Hi I made a 9LB emmenthaler and used The cheese makers manual recipe. My question is about rind development, it says to wash the rind with a 3% brine every 2 days for 10 days. My question is am I trying to get a good smear going on to keep the gas in or is it just to prevent un wanted mold.
Thanks
John
John, it sounds like you are looking for some b. Linens development. With a high moisture cheese like a tallegio, this would result in a "stinky cheese" with a softened paste. With a hard/low moisture cheese like an emmental, the b. Linens will contribute some flavor note (and color) and a bit of smell, but it will not soften; however, it will help to prevent mold (because the b. Linens will out-compete it). The b. Linens will not do anything to help keep the gas in per se, but to the extent that the regimen helps to develop a proper rind, smooth and yet with some elasticity, that is a key for holding in the gas.

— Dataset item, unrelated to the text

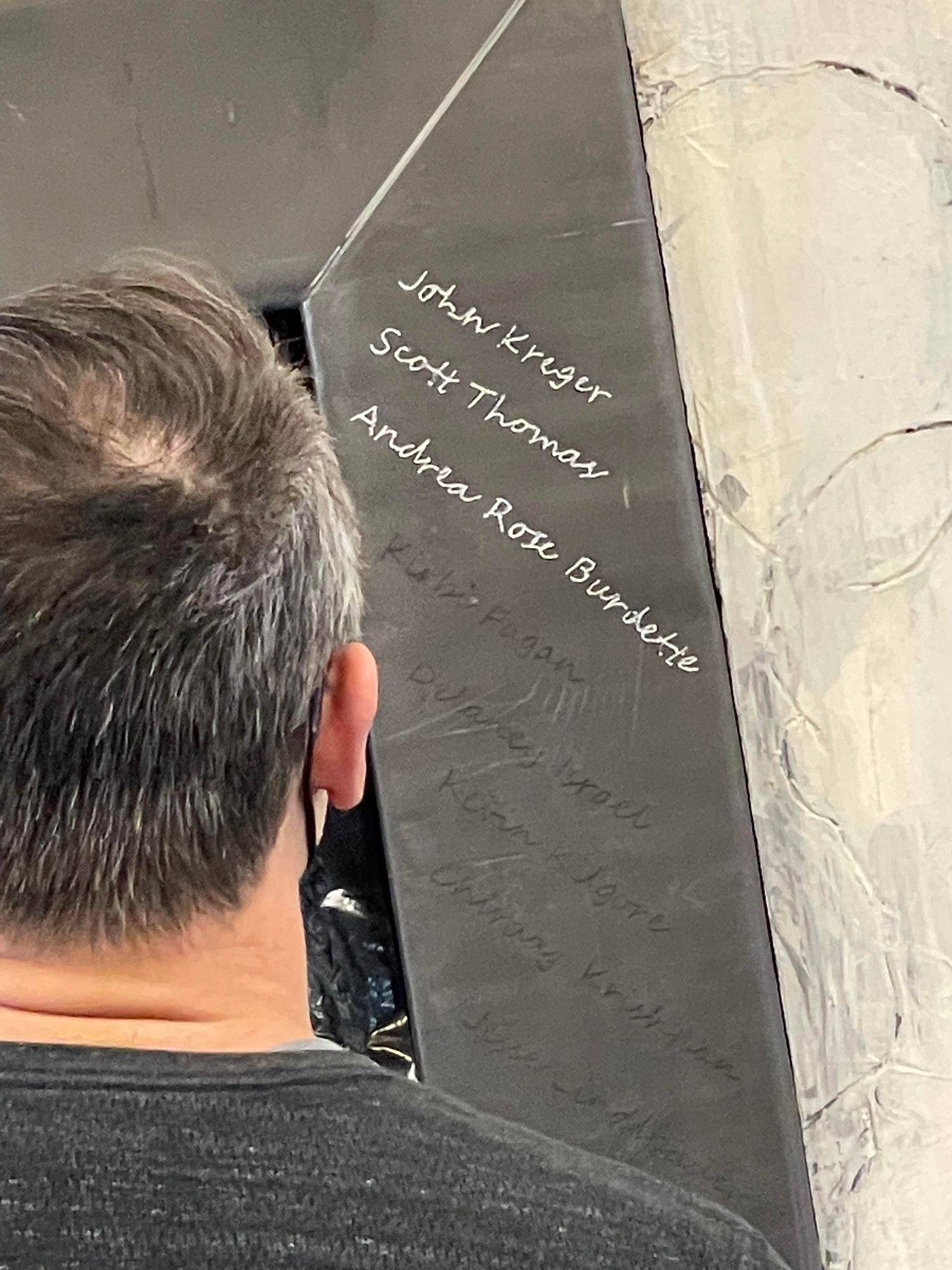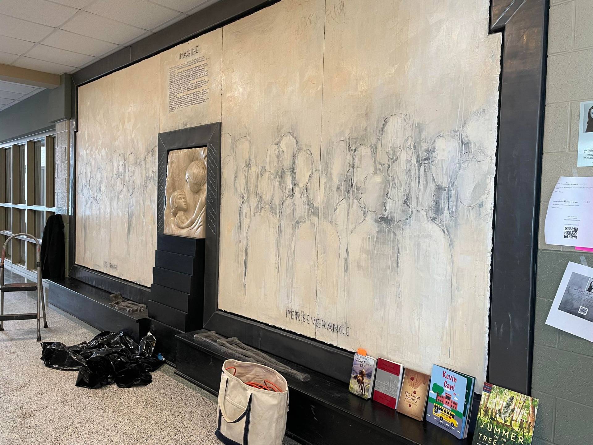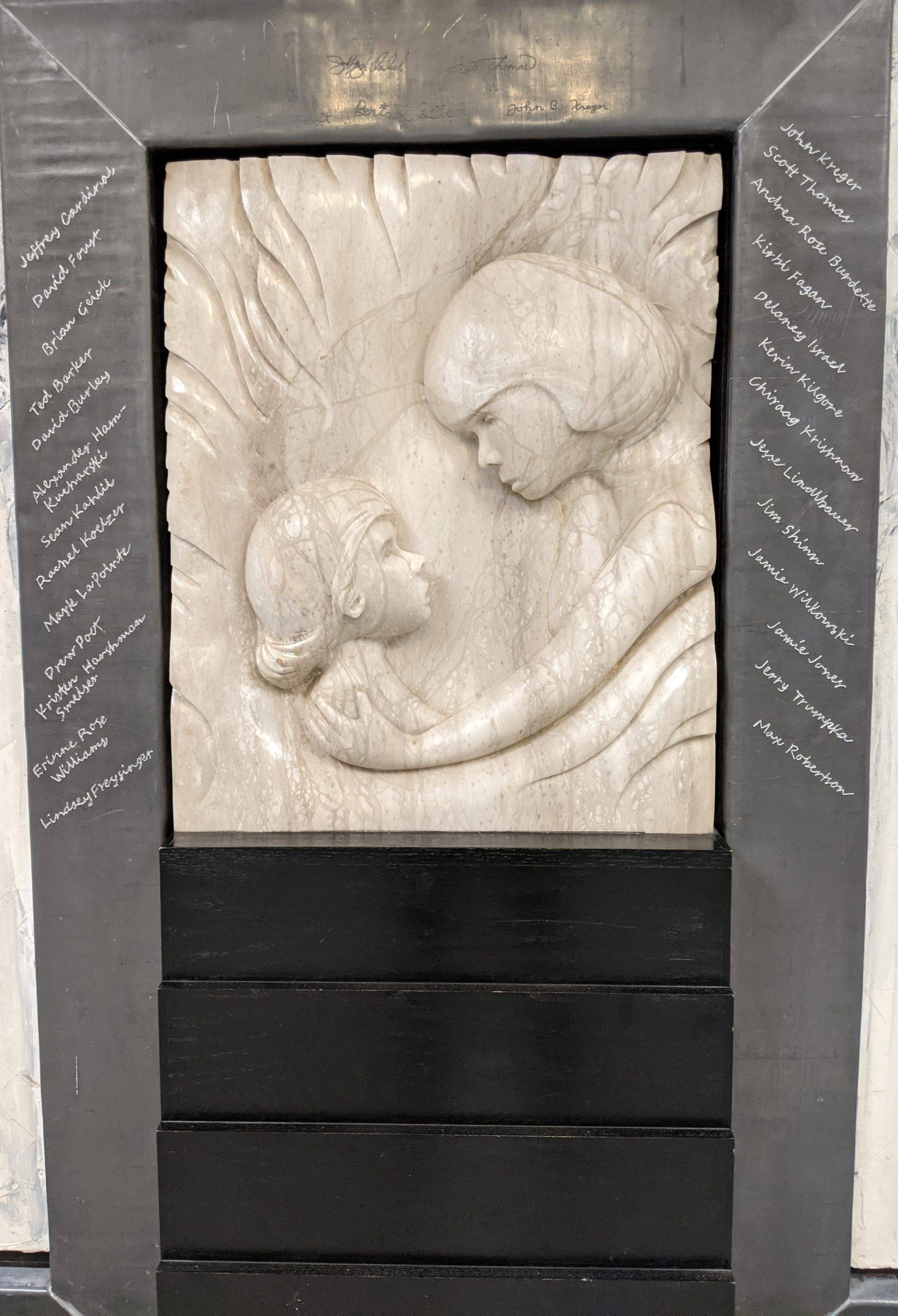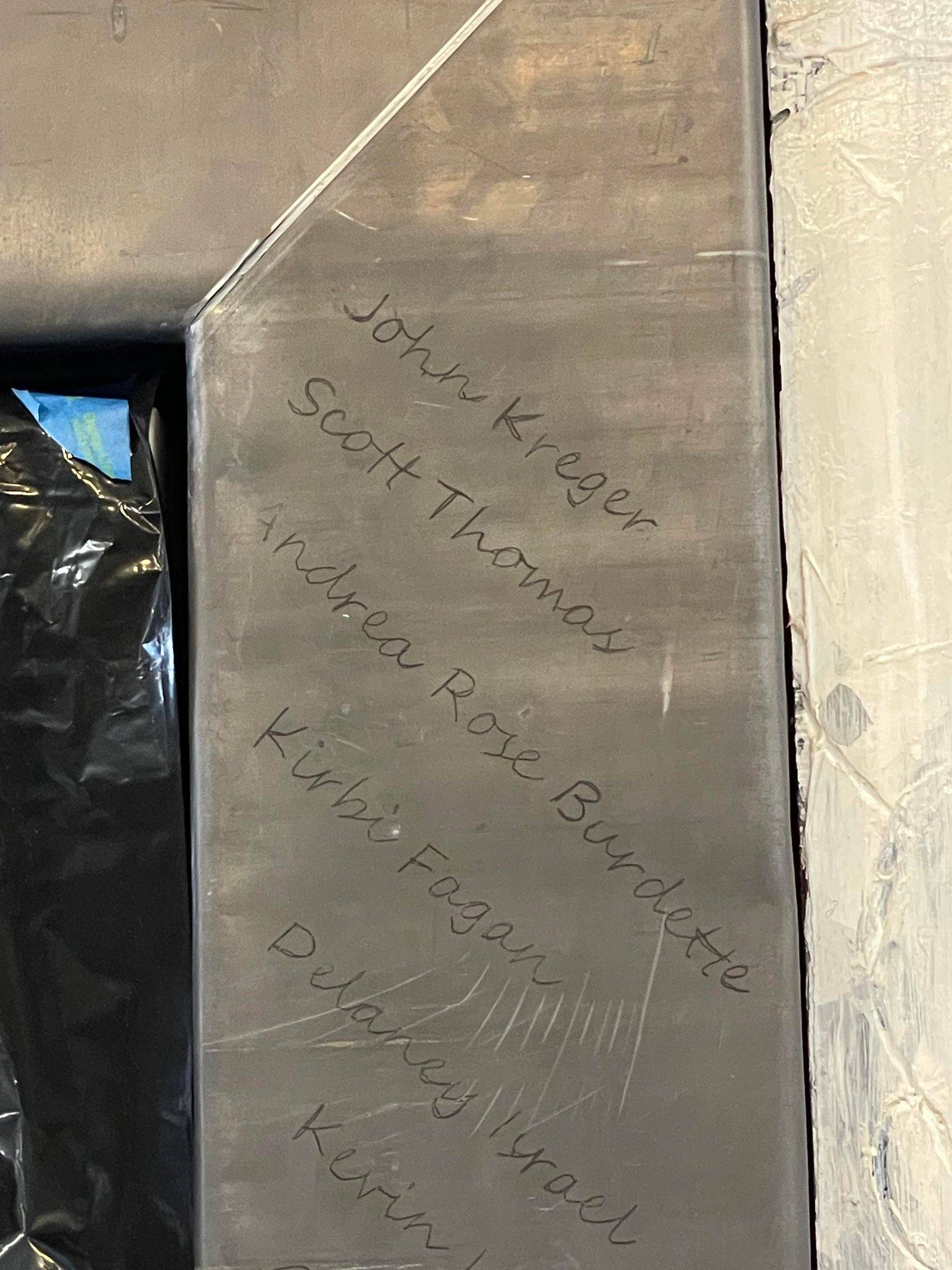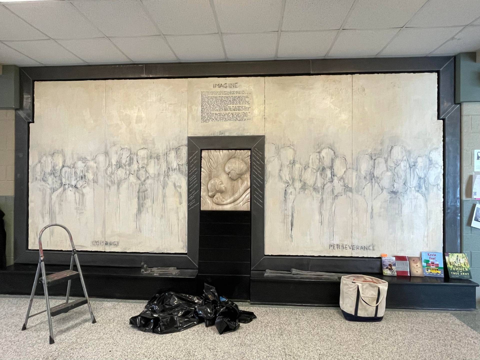 “Here I am this past Saturday engraving 26 names into an installation I designed and completed 23 years ago. The twenty six individuals are past and present students that succeeded in their education while facing some form of adversity. The Sandra Sagear Wall was installed in the new Plymouth High School before its opening in 2001. More photos to follow, but here is my statement about the installation: The image that moved me so regarding Sandra Sagear’s life was picturing her as a small child strapped with leg braces and crutches. I imagined her constant struggle. Struggles that any healthy person would avoid or take for granted. Being a parent, I imagined the hardship her family must have endured.” (Dennis Jones)

It keeps the mold off of the cheese John. Once the rind develops the 80° phase will blow it up like a balloon. ;D
Thanks Al. I am really looking forward to this one.
John
My "butternut" P shermani cheese got infected by b linens and it actually sort of messed up the flavor of my cheese. I would recommend keeping the rind of your cheese acidic if you can unless you are alright with having your final product taste funky.
Quote from: DoctorCheese on June 20, 2017, 06:03:51 AM
My "butternut" P shermani cheese got infected by b linens and it actually sort of messed up the flavor of my cheese. I would recommend keeping the rind of your cheese acidic if you can unless you are alright with having your final product taste funky.
Hi Doc. I plan on washing the cheese with 3% brine to prevent any mold from starting.